А холод утром, словно зной.
И щеки вновь алеют шало,
ведь ветер острый как массаж.
Нам от вселенной перепало,
нам снежный выслан саквояж.
Привет и ты! Ты на машине?
А я быстрей тебя пришла,
я шла по снегу, по вершине
земного шара. Нет числа
в красотах снежного обмана,
что так таят твои глаза.
Опять с тобою мы в дурмане
снегов и холода. Леса -
они белеют хладнокровно,
и ты холодный как они.
Ты очень снежный, дышишь ровно.
Глаза смеются. Снег. Огни.
2 апреля 2002
***
Весна. Сошли уже снега
и небеса безбрежны,
и жизнь приподнято-легка,
а где-то есть мой нежный.
И в этот ранний, теплый день
в душе возникла мыслей тень.
Опять мой милый в голове
возник весьма небрежно,
еще он дремлет на софе,
а я пишу прилежно.
Ему я посвятила день,
его в душе сегодня тень.
2002
***
Очень ярко и тепло солнце засветило,
и деревья расцвели под таким светилом.
Так тепло, хоть загорай. Солнышко на пасху.

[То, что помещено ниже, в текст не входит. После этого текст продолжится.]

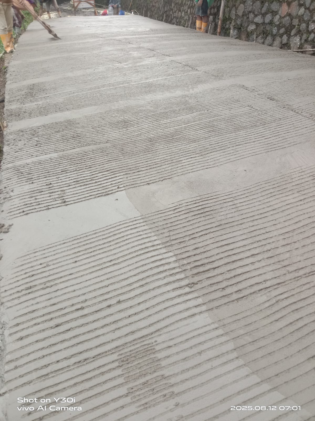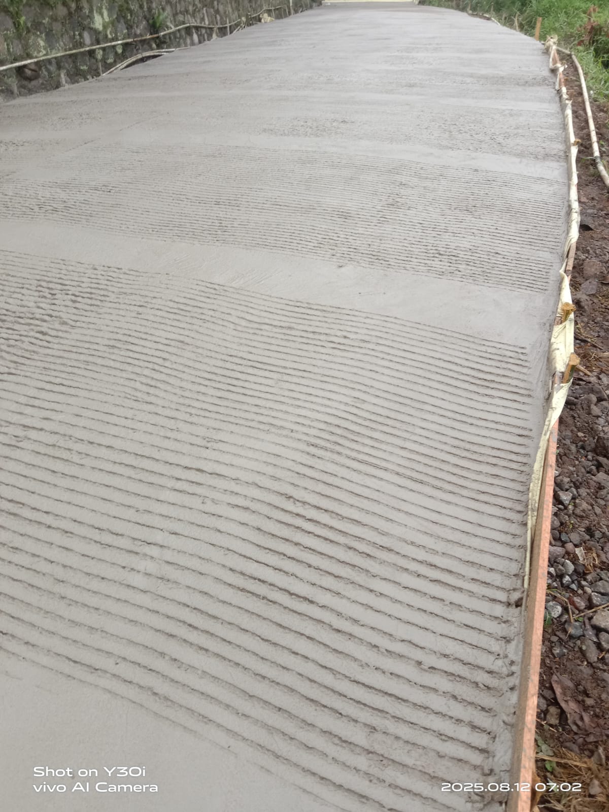 “Alhamdulillah, kami telah melaksanakan pembangunan betonisasi jalan dengan volume tahap I Panjang 588 m, Lebar variasi 3-4 m, dan Tinggi 0,15 m, melibatkan warga melalui swadaya masyarakat. Mereka terjun langsung membantu mulai dari pembersihan jalan, pengecoran, pemasangan bagesting, hingga pengawalan mobilisasi kendaraan berat bermuatan cor beton,” ujarnya.
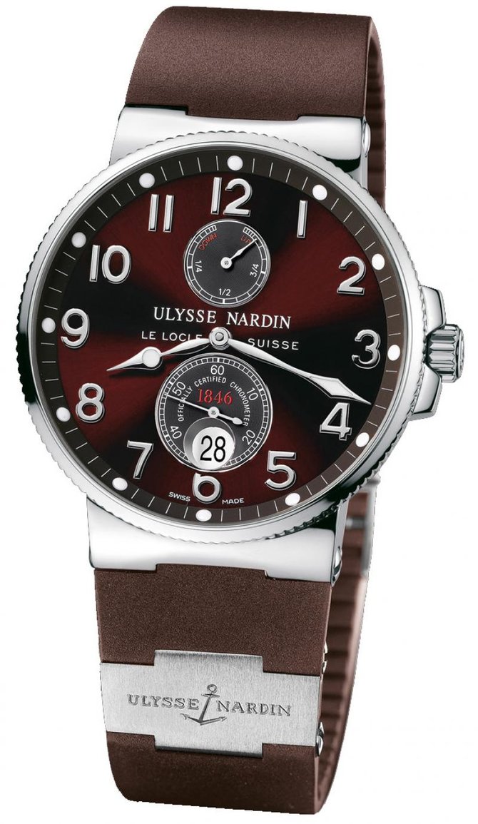 Ulysse Nardin с гордостью представляет Maxi Marine Chronometer 41mm, который дополняет коллекцию морских хронометров, существующую с 1846 года. Официально сертифицированный механизм (C.O.S.C) имеет запас хода 42 часа. Элегантный 41-миллиметровый корпус из стали, имеет индивидуальный номер и снабжен фиксируемой на резьбе заводной головкой. Циферблат - коричневого цвета, на котором расположены: индикатор запаса хода, маленькая секундная стрелка на увеличенном дополнительном циферблате и крупное окошко даты в положении «6» часов. Ремешок - каучуковый, коричневого цвета, раскладная застежка. Водонепроницаемость 200 метров.
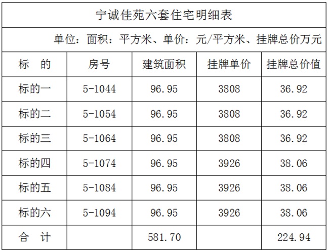 中国水利水电第四工程局有限公司所持西宁市城东区互助东路 25 号(宁诚佳苑) 六套住宅转让
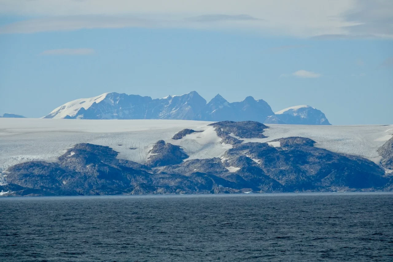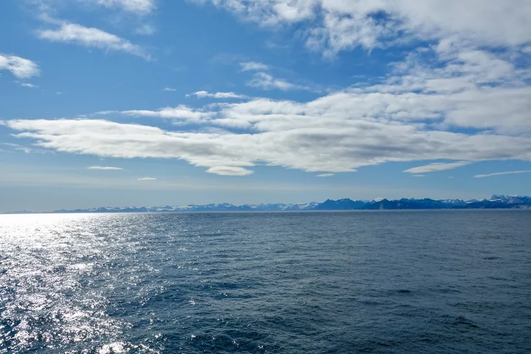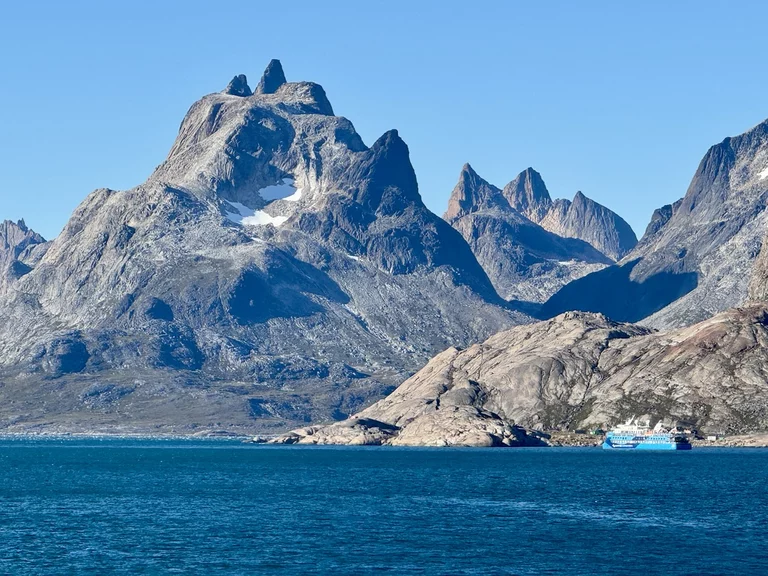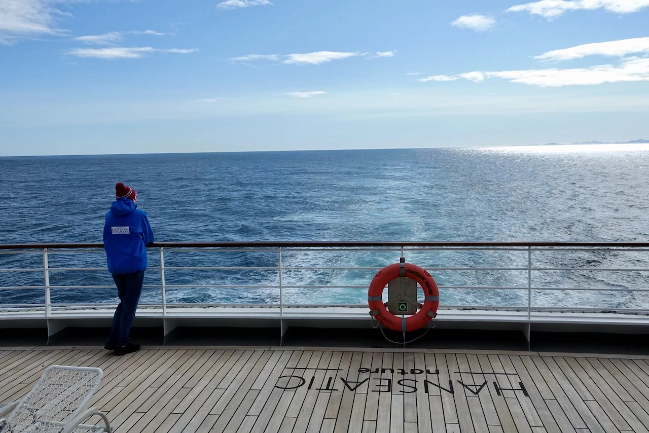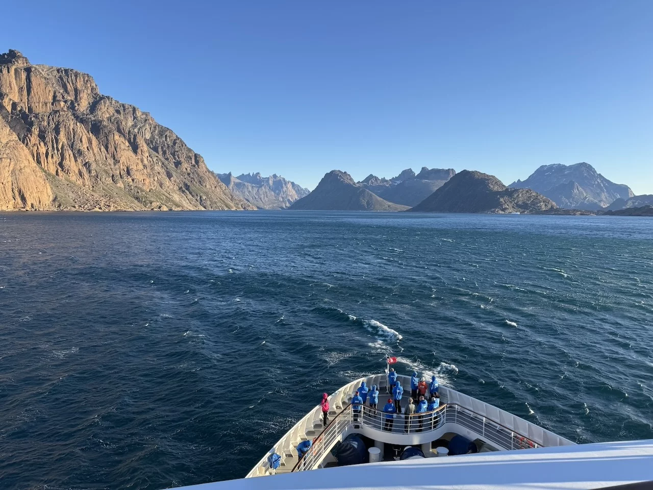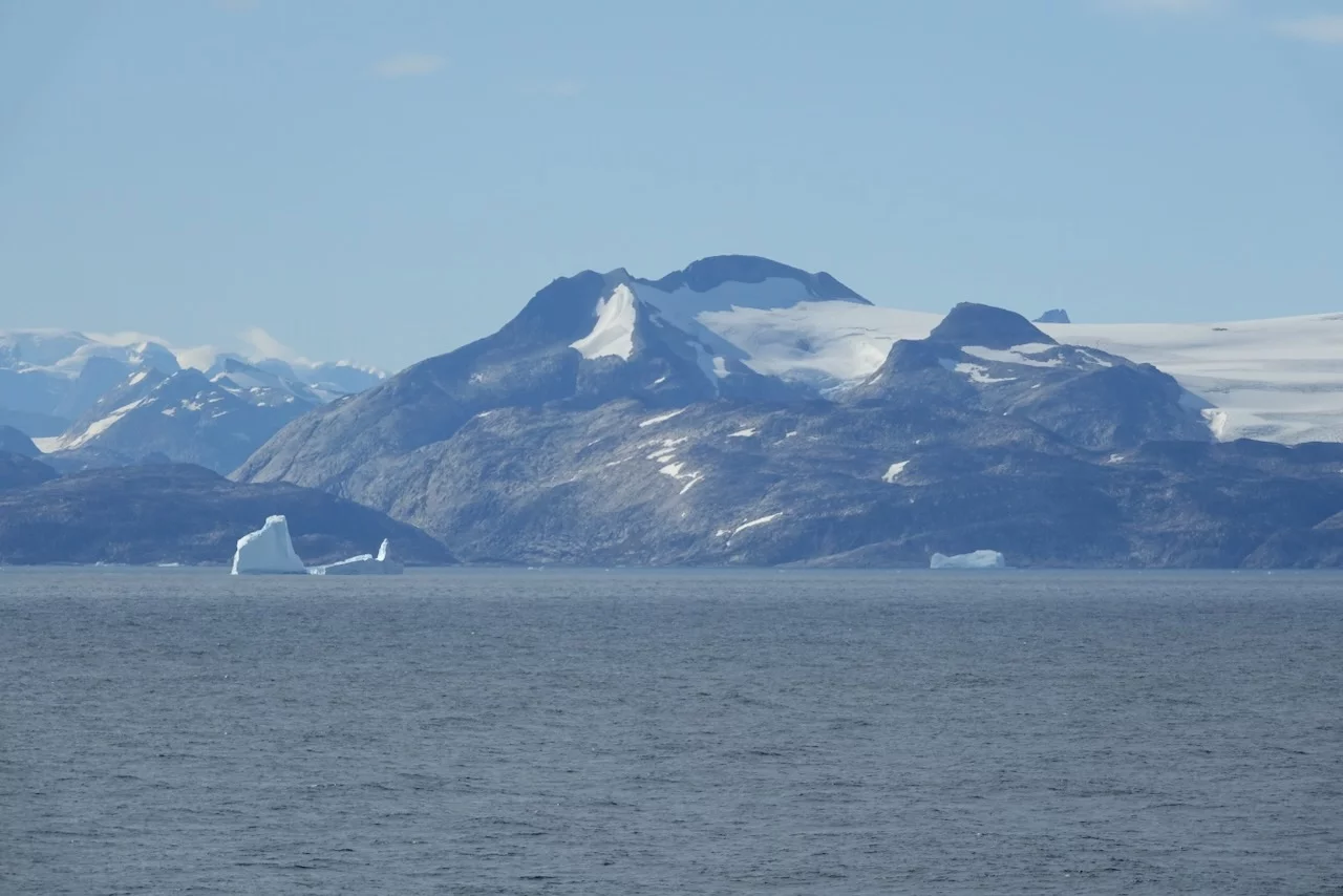 Gegen 13:00 Uhr haben wir die östliche Ausfahrt des Prins Christian Sund erreicht und arbeiten uns nun weiter nach Norden voran. Noch strahlt die Sonne vom blauen Himmel, doch das soll sich zum Abend hin ändern. Laut „Morgenpredigt“ vom Kapitän, die heute erst am Mittag stattfand, baut sich nördlich von uns zwischen Grönland und Island ein starkes Sturmtief auf.

По яичкам разбрелись лучики как пальцы.
Диво дивное пришло, Землю воскресило.
В солнце нашем как-никак неземная сила.
2002
***
Блаженство первых теплых дней,
блаженство женщины в движенье.
Сквозь лес безлиственный видней,
одежда чувствует скольжение.
Тепло и свет, и небосклон,
и блузка мило – нараспашку.
От ветра ветви шлют поклон,
и гладят волосы, рубашку.
И мир открыт, и ослеплен
своим теплом благополучным.
Седой, могучий, старый клен
еще чуть-чуть и станет лучшим.
А вот пока простор и все,
на парне – светло-голубое.
Король, валет и с дамой – сет.
Как глубоко вздыхает поле.
Тепло их душ, тепло лучей
на перекрестке сожаления.
Как вздох пропущенных мячей,
и без надежды обольщения.
12 апреля 2002
***
Просторы неба и вербы пух.
Стоят могилки, а был там луг.
Эх, мама, мама вся жизнь в труде.
Всю жизнь трудилась, всегда, везде.
Всех схоронила, ушла сама.
Сквозь боль и муки… Где те дома?
Что так спасали ее семью?
Где рестораны? Ее меню?
Была шеф-повар и много лет.
Давно заброшен там мамин след.
Вздохну всей грудью. Пройду пешком.
Ведь только утром дышать легко.
Вчера оградка и мамин сон.
Железный крестик, дух невесом.
20 апреля 2002
***
Открыты окна. Стучат колеса.
И в сером небе белеет путь,
меняю что-то в душе и сердце,
в нем очень больно, почти чуть-чуть.
Опять итоги, опять заботы,
опять скандалы, опять мираж.
И я устала творить законы,
меняю имя, меняю стаж.
И прячу снова путь изобилия,
опять ни с чем я, и все с нуля.
Но посмотрела и оглянулась,
нулей и нет ведь, вот в чем дела.
27 апреля 2002
Ось сна
Ось земли и ось сна,
ось столетий с годами из предков,
в данный миг я одна,
но такое случается редко.
Я цепляюсь за жизнь,
а она от меня убегает,
мне так хочется жить,
но в сосудах от бед много гари.
Догоняют года,
пролетают со скоростью лета,
каждый день – божий дар,
вдохновение от горестей лечит.
Я верчусь и кручусь,
моя ось отдыхает, не спится.
Мне заснуть хоть чуть-чуть,
но все мысли не вяжутся спицей.
Я встаю и пишу, сразу сон
долгожданный проходит.
Вот какой сон мой шут,
сон-стихи, уходящие в годы.
2002
Аквариум
Журчит вода. Аквариум мерцает.
В нем черепашки. Замок. Камни. Блеск.
Растения изображают цаплю,
и постоянно водный слышен всплеск.
Блестит красиво, солнечно под лампой,
там пузырьки жемчужные бегут,
качаются листочки нежно, плавно,
а камушки цветные – водный пруд.
Вот черепашки как домохозяйки,
их замок словно древний бастион.
Две черепашки, в драках забияки,
однако это пара. Шустрый – он.
Берут свой корм лишь лапками, кусают.
Потом плывут спокойно налегке.
Их панцирь словный дом, а может сани,
Простор, конечно, меньше, чем в реке.
Аквариум. Все в нем предельно просто.
Стекло, вода, растения, насос,
и галька там лежит, и камни с просо.
И только лишь насос воркует: "SOS!"
2002
Белый клен
Лето входило в права над остывшей землей.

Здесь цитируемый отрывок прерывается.